That one poster was the opposition, was he not? I described that general tactic (which is a common tactic of many liberals) which is the reason why I used the general term “opposition” instead of the specific individual against whom he was using it.

“Nope. I followed the train of the conversation, and so my guess was then confirmed by the source.” – jonas_opines

i.e. your preconception about an individual made you assume the comment was racially motivated. If that is true, then you could take any statement made by the aforementioned individual and claim it is a racist comment w/o any support. The term “novelty” has many definitions, and even using the one you suggest doesn’t preclude a non-racial conclusion. But when you ignore facts (or the absence thereof) and make assumptions based on your own biases, you go down a slippery slope. One must have logic or facts to support calling someone a racist, otherwise it is a red herring. Calling Obama a ‘novelty” in and of itself is not racist.
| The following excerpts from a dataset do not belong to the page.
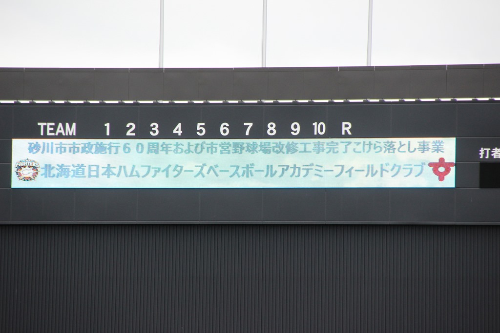 この事業は市営野球場のスコアボードに書かれた内容です。右の写真は本部席の操作機器。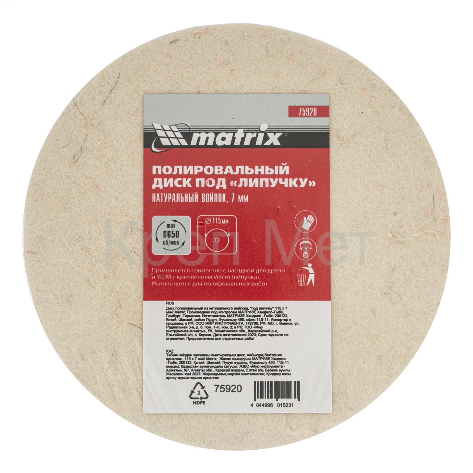 - Диск полировальный из натурального войлока, "под липучку" 115 х 7 мм Matrix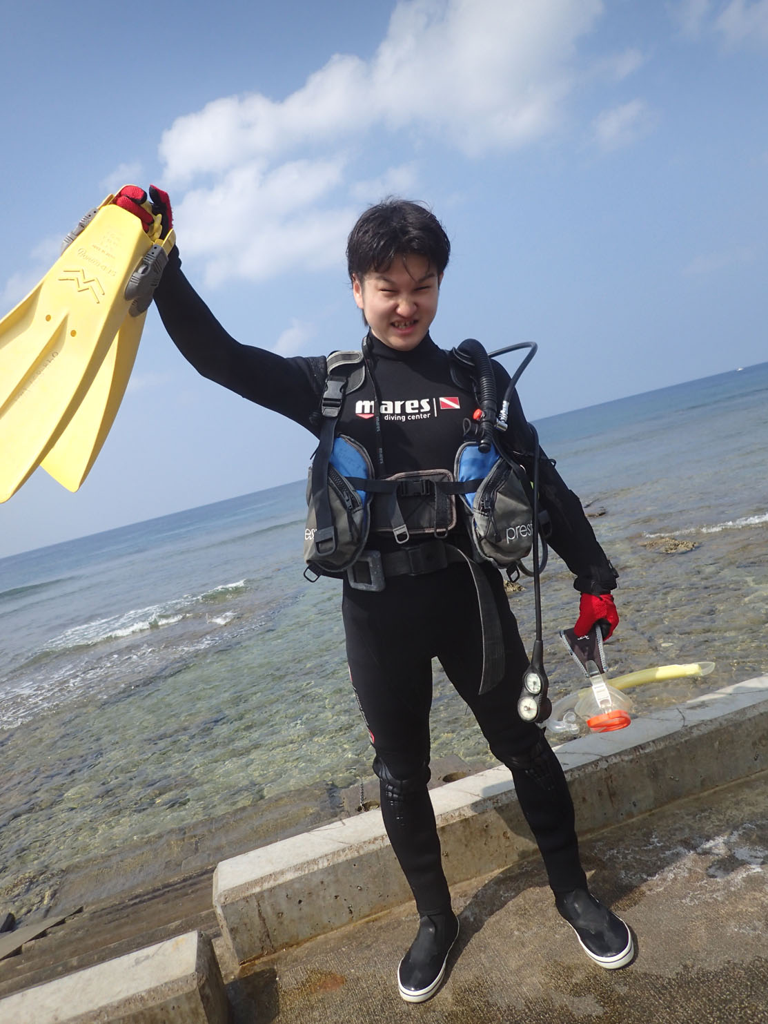 海風りぴーたーのたくやさん。 いつもは奥様のみかさんとご一緒でしたが、今回はお友達のてつやさんと一緒に遊びに来てくれました。てつやさんは初めてのダイビングということで、ダイバーのたくやさんも付き添いで一緒に体験ダイビングコース。 ん?でも5年ぶり?!そんなに空いちゃってたんですね・・・(^^;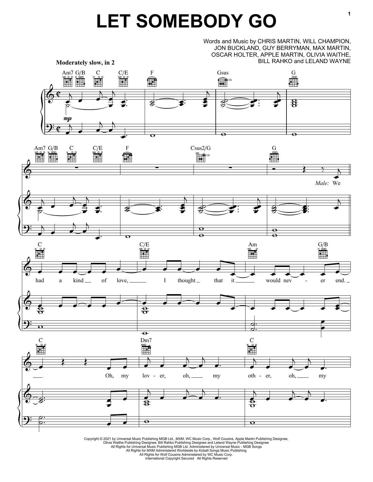 Download or print Coldplay Let Somebody Go (feat. Selena Gomez) sheet music, chords and digital score arranged for Piano, Vocal & Guitar Chords (Right-Hand Melody). This Pop score includes 9 page(s).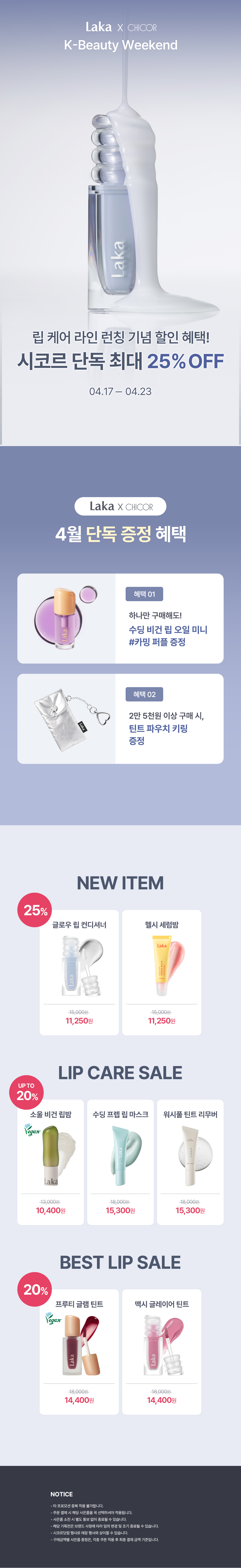 라카 립 전품목 최대 25% 할인

“You seem to make the assumption an awful lot these days that the one of many definitions, arguments, points etc. that you decide to stick with is the “main,” “most common” etc.” – jonas_opines

Yes, I am guilty of making the assumption that dictionary.com has a non-arbitrary system of choosing the order of placing the definitions. The most logical order being that the most commonly used definition is listed first. But I guess when I make an assumption about organization patterns of dictionary.com it is ridiculous and flawed 9even when it makes sense), but your assumption about Tom’s comment can’t be questioned…

“Kind of like you ‘don't respond to internet trolls?” Haha.” – jonas_opines

Are you suggesting I shouldn’t respond to you? I didn’t put you in that category, but if you are suggesting I do... ; )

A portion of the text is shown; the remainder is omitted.